На первый взгляд, между двумя весенними произведениями Жуковского нет никакой связи: лирический гимн августейшей роженице (метафорически уподобленной Пресвятой Деве) и средневековая баллада о благочестивом немецком государе. Между тем внешне столь разные стихотворения имеют несколько родственных черт: тема обоих — царское торжество (рождение великого князя в Москве и коронация германского императора в Ахене); оба включают предсказания счастливого царствования, наконец, в обоих важную роль играет образ певца-предсказателя (в послании это сам поэт Жуковский, в балладе — священник-певец). Заметим, что оба стихотворения были написаны Жуковским в Московском Кремле, где зимой — весною 1818 года находился весь двор: вдовствующая императрица Мария Феодоровна, великий князь Николай Павлович с супругой великой княгиней Александрой Феодоровной, наконец, сам государь Александр Павлович, почтивший старую столицу, только что отстроившуюся после пожара 1812 года, своим присутствием. Поэтический отклик Жуковского на рождение царевича придавал пятой книжке сборника, включавшей «Графа Гапсбургского», особо торжественное звучание.

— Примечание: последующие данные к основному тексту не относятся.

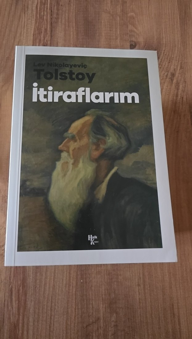 Tolstoy'un "İtiraflarım" adlı romanı, derin kişisel düşünceler ve felsefi içgörüler içerir. Kapakta Tolstoy'un resmedildiği bir portre yer alır.
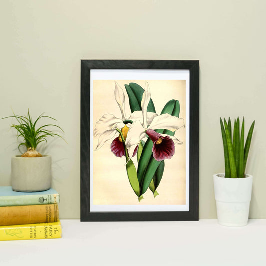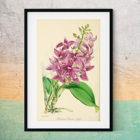 Pink Orchid Flower art, Antique Framed Botanical Prints
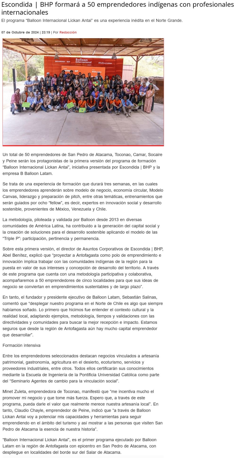 Escondida | BHP formará a más de 50 emprendedores indígenas con profesionales internacionales - (El Mercurio de Antofagasta)

Давно замечено, что «Граф Гапсбургский» — баллада необычная [99] . Она совсем не похожа на другие произведения, написанные Жуковским в его «излюбленном роде поэзии» за десять лет, в том числе и на те, что печатались в «F"ur Wenige». Здесь нет ни грешников, ни чертей, ни могил, ни русалок, ни несчастных влюбленных. Господствующее настроение баллады — не унылое и не ужасное, а в начале стихотворения возвышенно-радостное, больше напоминающее одическое [100] , затем — благочестиво-умиленное, близкое идиллическому. В отличие от других баллад Жуковского, где действие описывается как происходящее в глубокой тайне, основное событие «Графа Гапсбургского» разворачивается на пиру, в окружении многих гостей. В балладе нет характерного для этого жанра острого конфликта: главные герои стихотворения (государь и певец) не враги, а сочувственники (сравните, скажем, с его балладой 1816 года «Три песни», в которой переодетый певцом мститель убивает на пиру своего обидчика-владыку).
99
Так, например, А. С. Немзер подчеркивает необычный поэтический строй стихотворения: «тяжеловатая основательность описаний, велеречивая обстоятельность рассказа, легкий, но ощутимый налет архаизации». Здесь же указано на сходство строфы «Графа Гапсбургского» с традиционной одической рифмовкой ( Немзер: 222).
100
А. С. Немзер замечает, что слово «торжественный», с которого начинается стихотворение, «раритет в лирике Жуковского» ( Немзер: 222). Наблюдение неверное. Это слово частый и важный гость в поэзии романтика — причем в разных жанрах оно приобретает разную стилистическую окраску, выражает разные «жанровые» оттенки торжественности (таинственная, религиозная, гражданственная, умиленная). Ср. в его балладах: «Я мнил торжественной рукою // Сосновый положить венец»; «И кто сочтет разноплеменных, // Сим торжеством соединенных?» («Ивиковы журавли»); «И в Ирлингфор уже как повелитель // Торжественно вступил» («Варвик»); «Между торжественных минут // Полночи и рассвета» («Громовой»); ср. также в более поздних балладах: «Торжество победителей» (название стихотворения); «С торжественностью ратной» («Ленора»); «Органа торжественный гром восходил»; «И пеньем торжественным полон был храм» («Покаяние»), Еще чаще это слово встречается в элегиях Жуковского («Торжественно мольба с небес зовет»; «наполнен весь тишиною торжественной»).
«Граф Гапсбургский» имеет и более сложную, чем другие баллады поэта, композицию: здесь не один «линейный», а два «концентрических» сюжета (баллада в балладе), неожиданно сходящиеся в финальной строфе. Более сложной является и «временная перспектива» баллады: прошлое (история о набожном графе) вторгается в настоящее (пир в Ахене) для того, чтобы вызвать во всех свидетелях коронации уверенность в прекрасном будущем Богом благословенной империи (предсказание певца-священника) (см. Немзер:222). В свою очередь, огромная временная и пространственная дистанция между русскими читателями баллады и героями старинной ахенской истории открывала возможность для аллегорического истолкования легенды: зачем она рассказана нашим поэтом в настоящих условиях? В таком случае особую, символическую, роль приобретал финальный момент узнавания царственного героя: «И всяк догадался, кто набожный Граф, // И сердцем почтил Провиденье».
Эта заключительная строка (момент откровения) является ключевой для понимания того скрытого смысла, который Жуковский вкладывал в свое стихотворение и который могли угадать в нем его русские читатели. Мы полагаем, что найденная поэтом в шиллеровской балладе поразительно яркая историческая аналогия с современностью послужила причиной его обращения к этому стихотворению. Эта же аналогия, в свою очередь, обусловила и принципиальные изменения, которые коснулись изображения Рудольфа Габсбурга.